At the present time, dozens of companies and government agencies throughout the world are heavily involved in developing wireless charging of batteries in electric buses and light rail vehicles. The attractions of wireless power transfer (WPT) are manifold: 1) Much smaller and lighter batteries can be used because they can be re-charged at transit stops rather than having to carry a large charge over an entire trip; 2) A convenient choice of fast or slow battery recharging with one infrastructure system is available; 3) Charging is automatically triggered when transmitter and receiver are coupled by an electronic “handshake”, thus avoiding problems of the operator forgetting to plug in, or manipulate cords and plugs; 4) High power transfer is potentially available in all weather conditions, without corrosion or exposed terminals; 5) No loose cords or potential for electrocution or tripping are present; 6) No adverse human safety or health impacts exist (as long as emissions of and exposures to magnetic and electric fields comply with applicable standards). This course provides a status review of emerging and existing international and U.S. WPT technologies applicable to electric bus and rail transit. The review identifies the respective WPT providers, system specifications and attributes. Regulations and consensus standards for emissions and human exposure to electro-magnetic radiation and protection from electromagnetic interference are described. Many of the techniques described for wireless charging of transit vehicles are applicable to electric automobiles as well. Learning Objectives - Knowledge & Skills: The course is designed to provide engineers with the following specific knowledge and skills.

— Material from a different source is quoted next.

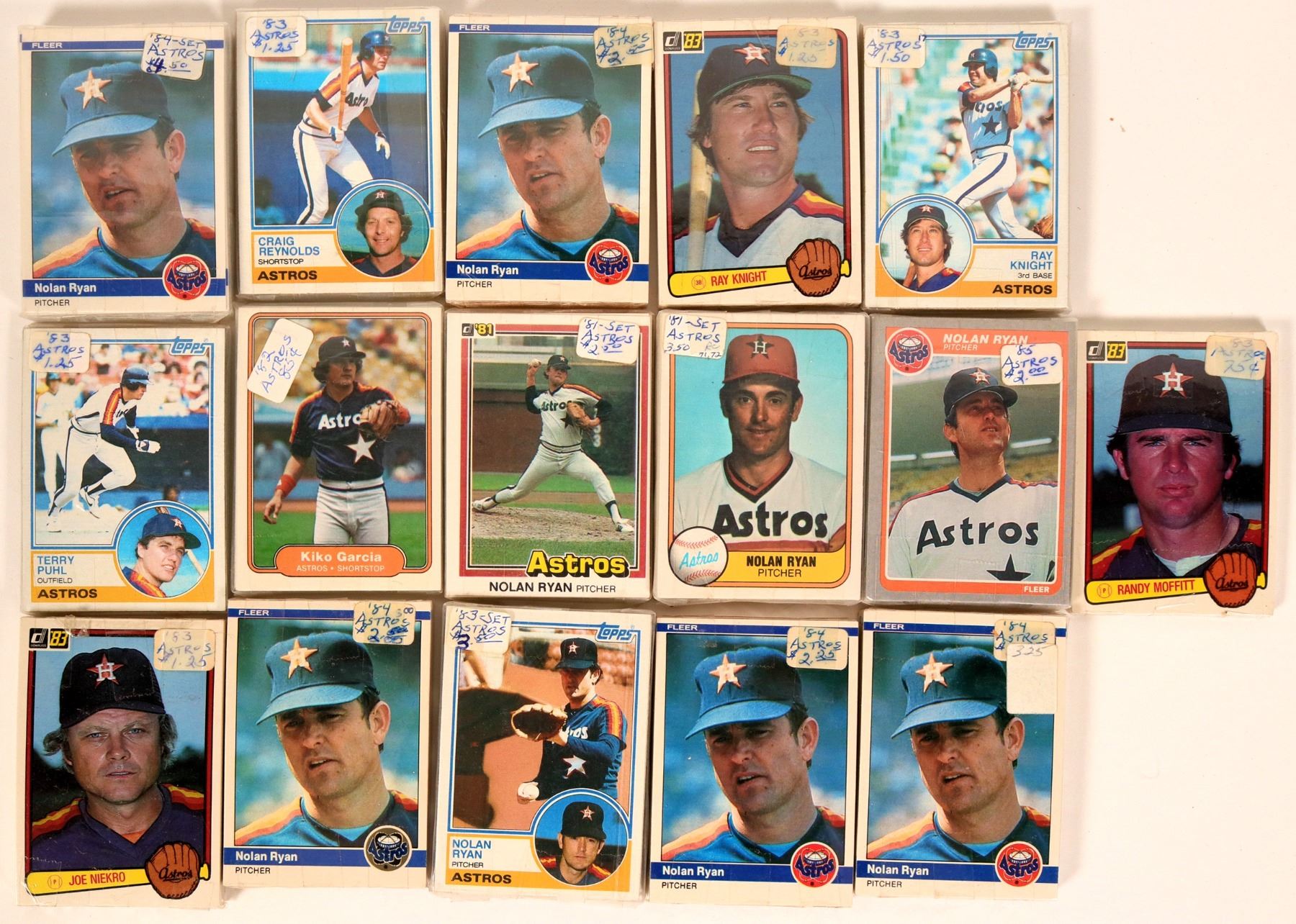 This is a lot of Astros baseball cards from the 1983 season. Approximately 350-400 cards in 20-30 count bags. Names like Randy Moffitt and Craig Reynolds appear. NM.

• Learning about WPT technology options, especially inductive power transfer;
• Becoming familiar with notable and successful WPT projects;
• Understanding the advantages of WPT systems;
• Learning about safety and health concerns related to electric and magnetic fields produced by WPT technology;
• Understanding readiness levels of various versions of the technology;
• Understanding proposed safety standards; and Learning about existing information on reliability under real-service conditions.